After the very wet autumn and early winter we entered a period of cold, dull weather, punctuated by rain and snow that seemed to go on forever and ever. As I write on Maundy Thursday the temperature has not exceeded 15⁰C since 24 October last year and there have only been 30 days rising to between 10 ⁰C and 15 ⁰ C. At night lowest temperatures seem to hover between -2⁰C and +2⁰C. There was heavy, drifting snow between 11 and 14 March and snow flurries on many days including today.
The problem is a huge anticyclone that delivers modest to strong winds from the east so that the wind-chill factor makes it seem much colder than the thermometer reading. Tonight a low of -1 ⁰C is forecast but the wind-chill will take it down to -4 ⁰C. According to the forecast the whole of April is likely to remain cold. The warmer, Atlantic weather lies to the south and, so the meteorologists say, the jet stream would normally have moved up to the north of Britain by this time of year allowing the milder westerly winds to move in. This may be a natural variation or something to do with the climate change phenomena of a warming ocean or more ice-free water in the Arctic.
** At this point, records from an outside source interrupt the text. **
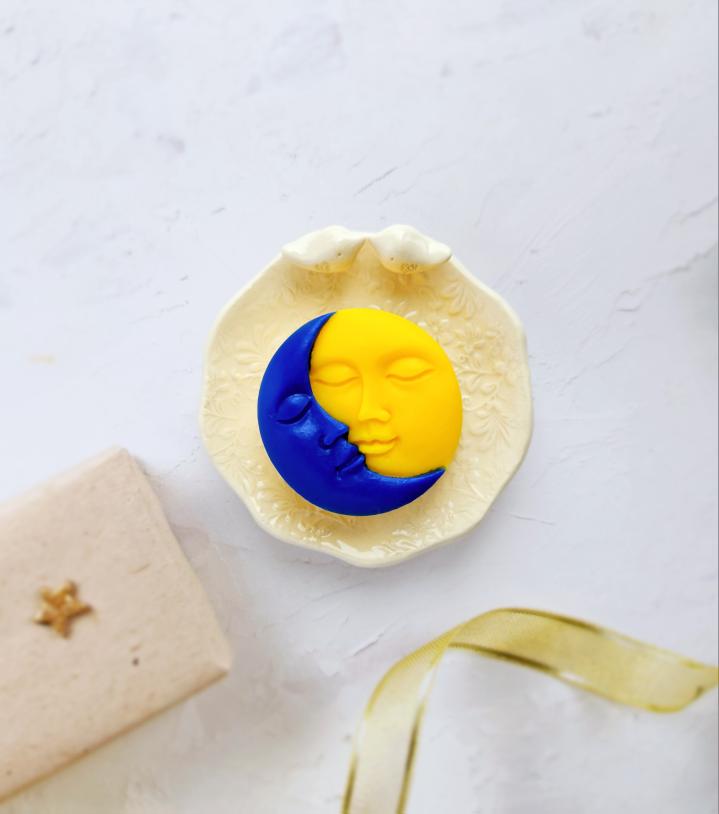 Jo dizainas atspindi amžiną meilę, kur saulė ir mėnulis susitinka švelniame bučinyje
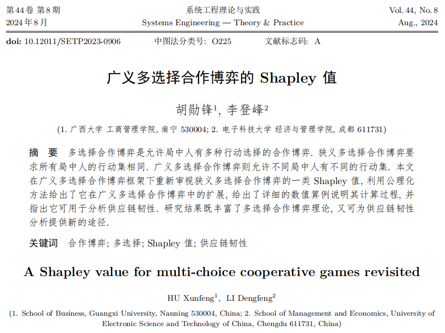 近日,2138CC太阳集团胡勋锋副教授在多选择合作博弈领域研究取得新进展,与电子科技大学李登峰教授合作撰写的《广义多选择合作博弈的Shapley 值》学术论文,以第一作者的身份发表在国内高水平期刊《系统工程理论与实践》。
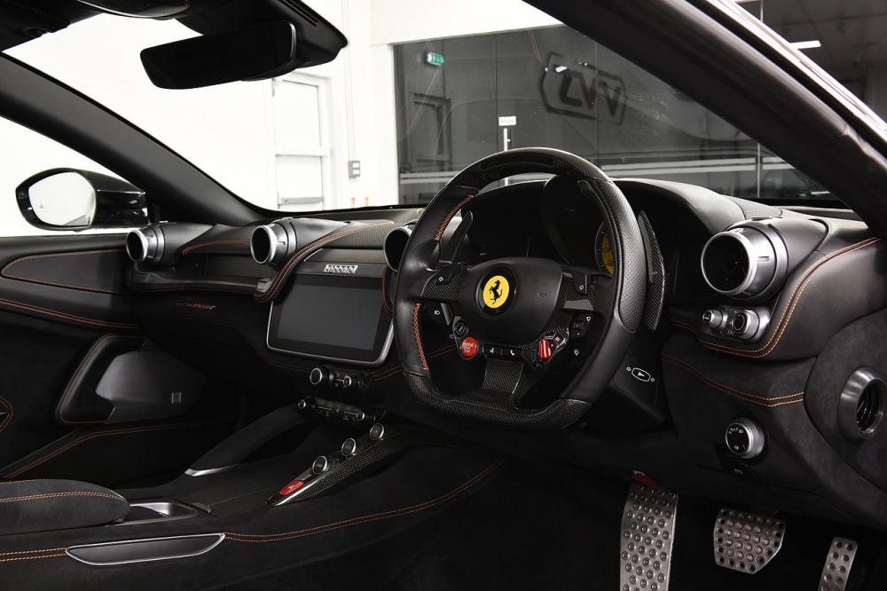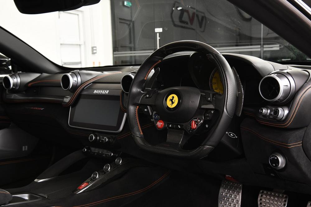 VVS are pleased to offer this 2019 Ferrari GTC4 Lusso finished in Nero Daytona over Nero leather and alcantara interior. This example is equipped with Carbon fibre drivers zone with LED's, Carbon fibre central bridge, Carbon fibre centre caps, Panoramic roof, Cavallino stitched on headrests in Arancione, Diamond stitch in Arancione, Privacy rear windows, Yellow rev counter, JBL sound system, Surround view cameras, Scuderia shields, Italian flag, Black tailpipe tips, Front grille with chromed edges, Rear wiper, Front end PPF, Gold brake callipers, 20" Forged wheels in Grey with Diamond face and full Ferrari service history from new.

The countryside is variously affected. Spring flowers are coming out slowly and primroses are doing quite well, hazel catkins have struggled through and wood anemones are starting, but I have not seen any sallow blossom. The cherry-plums, Prunus cerasifera, are blooming well around Hurst Lane with their delicate white flowers coming maybe a week or so later than normal. However, the grass in the fields is not growing and insects are virtually absent which will be bad news for birds, some of which have already died of cold and hunger and must be particularly stressed if they have started nesting. An absence of early spring moths could mean a dearth of caterpillars just when the young birds need them and I wonder what might be happening to migrant species heading north from Africa. At least, on 5 March when the temperature topped 13 ⁰ C, I saw a fine male brimstone butterfly enjoying the sunshine at the corner of our local Churchland Lane and Killingan Wood.
Farming and gardening are also affected and, apart from poor sowing and growing conditions, there is no pleasure in pottering around the home plot. If I go outside, by the time I have written down the temperature, fed the birds and had a quick look at the houseleeks and other potted plants, it is time to head indoors. And, of course, it is not just Britain that is suffering. Much of Europe has been seriously affected and I have read that Russia is experiencing its coldest winter since 1938, the year I was born.
The seemingly endless cold, grey and windy weather is quite depressing and, with rising energy prices, expensive. We are currently using between £6 and £9 per day on electricity heating just one room and have a log fire most evenings, but even indoors I still have to have five or six layers of clothing on my upper body and thermal long johns and fur lined boots to keep warm.
The media tell us about records being broken and, apparently, it is the coldest winter since 1962/63 but the worst aspect is that it seems to go on and on in an unvarying way as though it is completely stuck with no intervening periods of warmth and sunshine as harbingers of better times. Very cold winters in the past have, in my experience, differed from this one with some nights of extreme cold bringing averages down. We have had nothing like the low temperatures down to -20 ⁰C that I have recorded here or at Robertsbridge in the past.